Safety Protocols for Getting Back to Work

China bent the curve, Italy bent the curve and I believe that the curve is bending in the United States. Suppression is working and the second part of the strategy of test, trace and isolate will start to come into play in a few weeks. The states are gearing up to test, trace and isolate and several large serological surveys are already underway which will gives us a much better idea of how widely the virus has spread. Ideally, we will move from test, trace and isolate to a situation where we can conduct millions of tests weekly which will take us into the vaccine time.

Before testing is fully operational, however, we will need to follow safety protocols. We can learn about what works from what essential workers are doing now. Green Circuits in CA, for example, redesigned the shift schedule:

His first move was to redesign the plant’s work schedule. The company, owned by the Dallas-based private equity firm Evolve Capital, always had the first and second shifts overlap for a half-hour. That allowed workers arriving in the afternoon to confer with colleagues as they handed off duties.

But O’Neil said they realized that would risk their whole workforce getting quarantined for 14 days, if someone got infected by the coronavirus and spent time at the factory as part of this larger group.

The solution was to create three separate teams of 40 workers each. The first shift now ends at 2 p.m., and then there’s an hour when the workspaces, tools, and breakrooms are sanitized. The third team does not work at all, but rather is held in reserve and available to jump in if an illness hampers one of the two other teams of workers.

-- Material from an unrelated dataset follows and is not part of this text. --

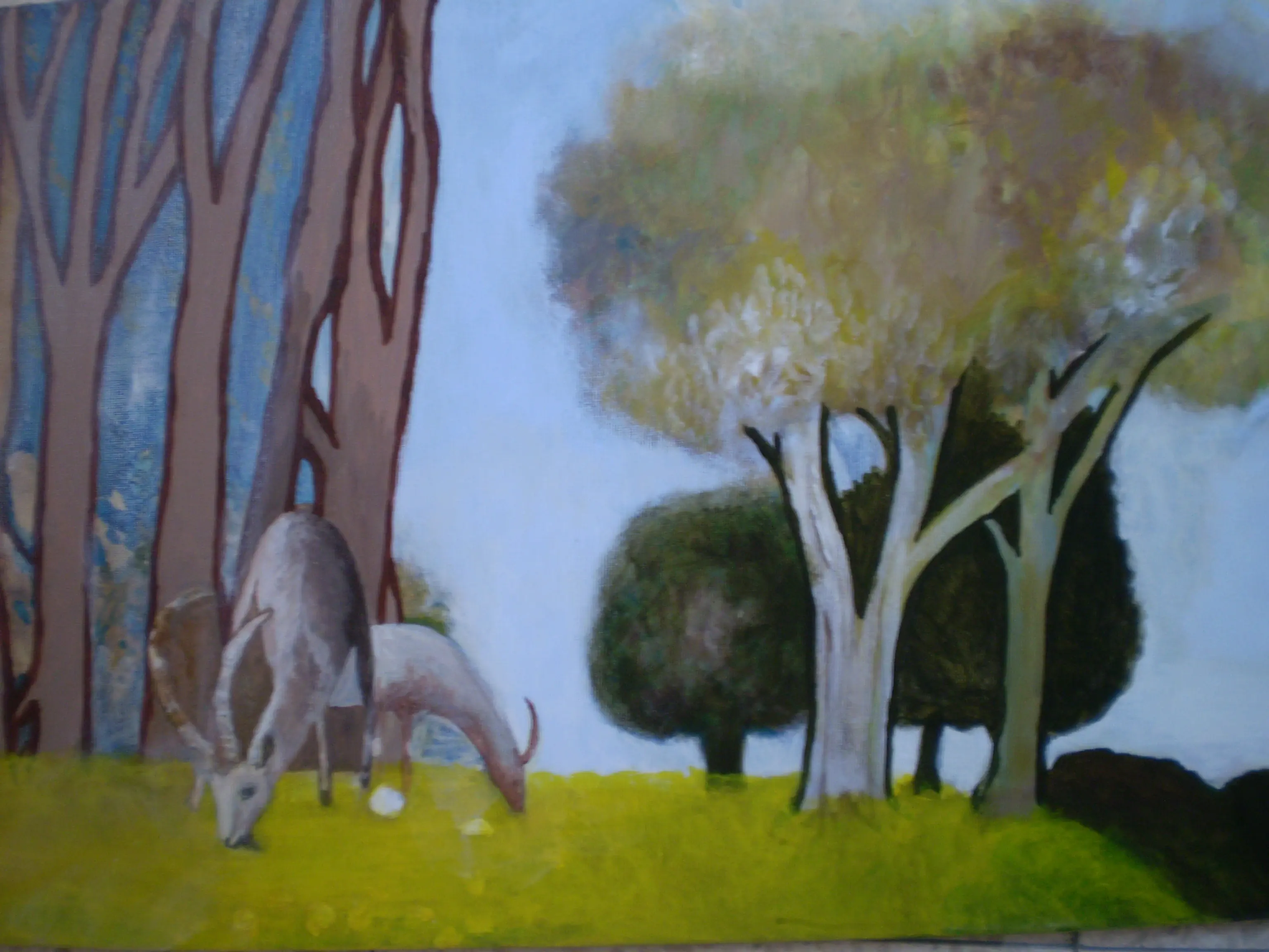 קווי המתאר מעט מציקים לרצף ויוצרים תחושה של ציור ילדים. ומעבר, הציור יפהיפה! הצבעים מהממים. גם העבןדה איתם בעצים ובגדיים. מהמם.

Other safety protocols include:

  • Shift work for white collar workers as well as for blue collar workers. Including spreading work over the weekends.
  • Senior shopping hours.
  • Temperature checks, perhaps via passive fever cameras at work and public transport.
  • Mandatory masks for public transportation.
  • Masks for workers.
  • Sanitation breaks for mandatory hand washing.
  • Quarantining at work for essential workers, as the MLB is thinking of doing despite not being essential.
  • Reducing touch surfaces (even with simple things like propping up bathroom doors) and copper tape for hi-touch surfaces that cannot be eliminated.

It will take longer to reopen restaurants, clubs and sports stadiums but I believe that applying these protocols will allow many of us to work safely. We aren’t ready yet but now is the time to plan for our return.